Opinion: Corporations are The Problem
By John H. St.John
Bush Watch
10/12/05
No one owns a corporation. It was made that way to avoid the liability that is inherent in ownership. A common stockholder is not an owner, he is an investor. The CEO is an employee hired by the board of directors to take the heat for any decisions that would ordinarily be suffered by an owner. He is responsible for the infamous bottom line, and while he might be perfectly normal at home, he must be a sociopath while on the job. As a legal person, the corporation retains the animal instinct for survival without any human weakness, like having a love for one's fellow man. Humans fear and hate war, if they are normal, but war has become a necessity to the survival of the corporations.
If we work for a corporation we seek to advance within the organization and give credit to the company for all of the benefits enjoyed. If we are consumers we are delighted with the many products available to us at the mall. If we are politicians we depend upon the corporations to finance our campaigns.
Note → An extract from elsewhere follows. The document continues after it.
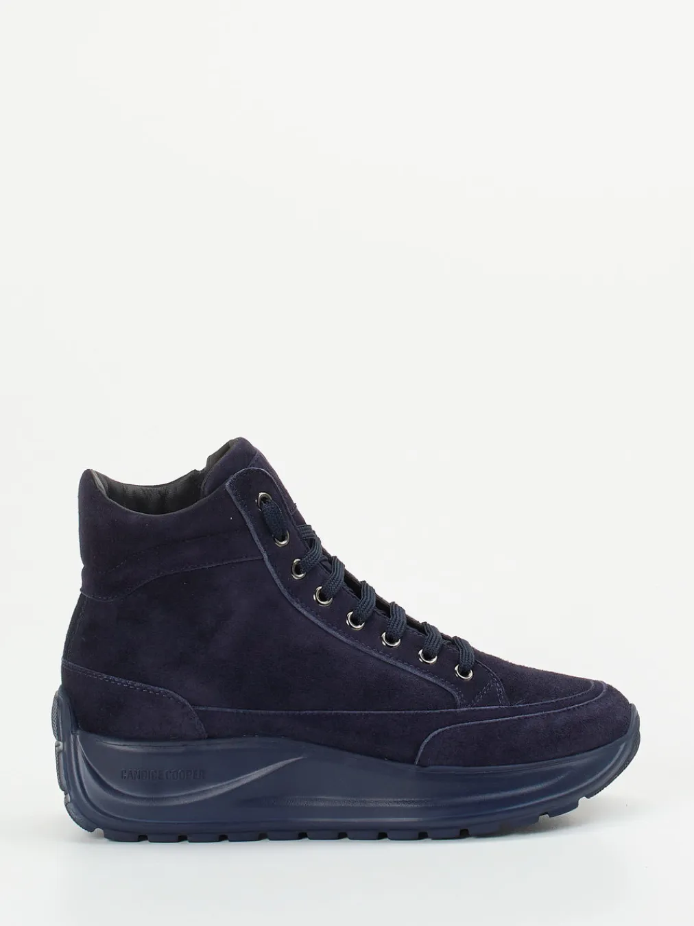 Urbaner Stil trifft Komfort.Candice Cooper präsentiert einen modernen High-Top-Sneaker für Damen aus samtig angeschliffenem Veloursleder. Die dunkelblaue Farbgebung in Kombination mit dem tonalen Design und der klaren Silhouette macht diesen Sneaker zum idealen Begleiter für minimalistische Freizeit-Styles. Der Mix aus Schnürung und seitlichem Reißverschluss erleichtert das Anziehen, während die komfortable, leicht strukturierte Plateausohle für Stabilität und modische Präsenz sorgt. Dezente Metallösen und ein toniges Branding unterstreichen die clean-sportive Optik. Der knöchelhohe Schnitt orientiert sich am aktuellen Platform-Trend der Saison. Ein stilvoller City-Sneaker mit Candice-Cooper-Komfortanspruch.

That is why it is almost unthinkable for us to consider living in a world without them. Nevertheless corporations have to go. Business has to be conducted by individuals and organizations that have owners. The obvious solution is for the corporation to become owned by the people who form the body of the machine. This could be done in a number of ways, one of them is The Take, an Argentine invention. Another is for the government to punish a criminal act of a corporation by taking it over and making it into a cooperative.